Born on December 22, 1956, in Fort Gordon, Georgia, Percival Everett is an American writer and Distinguished Professor of English at the University of Southern California. Everett graduated from the University of Miami with a philosophy degree and then pursued his masters in writing. While attending Brown University, he wrote his first book Suder (1983), a comedic tale about a third baseman for the Seattle Mariners who goes on a quest across the Pacific Northwest with an elephant and a young runaway to shake his player’s slump. Everett’s work has expanded beyond the novel, as he’s also written poetry, including re:f (gesture) in 2006 and Trout’s Lie in 2015, as well as short stories, including The Weather and Women Treat Me Fair: Stories (1987) and Half an Inch of Water (2015). He’s even dipped into children’s literature with his book The One That Got Away (1992), a story that follows three cowpokes in the Wild West. Everett’s work often reflects his interest in the American West, including his first book-length western published in 1994, God’s Country.
Everett has held faculty positions in English departments at the University of Kentucky, Note Dame, Wyoming, University of California Riverside, and the University of California Los Angeles. He currently resides in California with his wife, Danzy Senna.

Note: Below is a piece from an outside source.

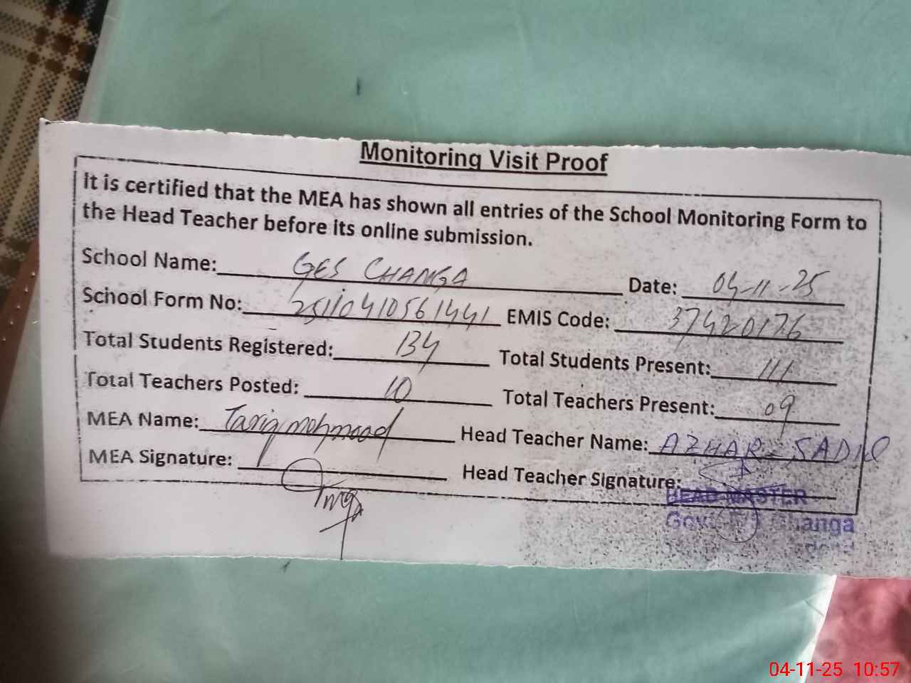 | Attendance Register | Head Teacher | MEA with School | Visit Proof |

Everett is the recipient of many awards, including the Hurston/Wright Legacy Award for Fiction, which honors Black writers in the United States for literary achievement, a Guggenheim Fellowship in Fiction, the Bollinger Everyman Wodehouse Prize, and Windham-Campbell Literature Prize for fiction. He was also a finalist for the Pulitzer Prize for fiction for his book, Telephone (2020). His most recent work, Dr. No (2022), has received the PEN/Jean Stein Award, which honors a book-length work of any genre for its originality, merit, and impact.